# old flour--what to do?



## anniew (Dec 12, 2002)

I have a lot of pretty old flour (both white and whole wheat) that I stored in my refrig...I'm talking a few years old. As it is probably not so good (some is in living space at room temp) what can I do with it? Would it do any good or harm to spread on the garden, or could I give it to my poultry? Any suggestions or experiences would be appreciated...Ann


----------



## amwitched (Feb 14, 2004)

You could sprinkle that flour anywhere that you have a grasshopper problem. It does a fine job of killing them. 

I don't know what it will do to garden soil. I would add it to a compost pile, though.

If it's not moldy - make some biscuits or pancakes for your chickens.


----------



## gryndlgoat (May 27, 2005)

Make play-dough! Christmas is coming up, and this stuff is GREAT for decorations!

2 c flour
1/2 c salt
1 tbsp vegetable oil
Enough water to make a clay-type consistency.

Make your items (paper clips inserted into the clay make great hangers), bake at 200 F until hard and dry.

Paint with acrylic paint and varnish (water base is fine) to seal.


----------



## mandyh (Jun 10, 2006)

Christmas is just around the corner, you could use it to make ornaments. If you have children this is a lot of fun. Our girls make these for christmas presents.  (Okay where's the Santa smiley)  
1 c. salt, 2 c. flour, 1 c. water. roll out 1/4 thick, use cookie cutter's or cut your own shapes. Make sure you put a hole in top for string. Straws work great for this. Bake at 350 till lightly brown or air dry for 48hrs. on a sreen rack. After they cool, decorate with paint or what ever you can think up.


----------



## suburbanite (Jul 27, 2006)

I have some wheat flour thats 'use by' date was march of this year. It has been in tupperware at room temperature.

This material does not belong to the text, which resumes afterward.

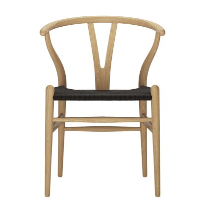 Der wohl bekannteste Entwurf Hans J. Wegners ist der auch als Y-Chair bekannte CH24 Wishbone Chair, vertrieben vom dänischen Hersteller Carl Hansen & Søn. Das Besondere steckt hier in den formalen und materiellen Details: Während Rücken und Gestell in den Armlehnen so zusammenlaufen, dass eine einzigartige formale Ausgewogenheit entsteht, sind in der Sitzfläche des aus Massivholz gefertigten Stuhls 120 Meter Papiergarn verarbeitet.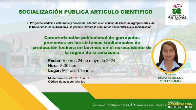 Programa de Medicina Veterinaria y Zootecnia, tiene el gusto de invitarle a la socialización Pública Articulo Cientifico.

What should I look for to know if it is still okay to eat?


----------



## Rita (May 13, 2002)

Do you have a dog? Make some dog biscuits. You can make a big batch as they stay good a long time or can even freeze them for longer storage. If you didn't spread it too thick on the garden I don't see how it could hurt.


----------



## Spinner (Jul 19, 2003)

suburbanite said:


> I have some wheat flour thats 'use by' date was march of this year. It has been in tupperware at room temperature.
> 
> What should I look for to know if it is still okay to eat?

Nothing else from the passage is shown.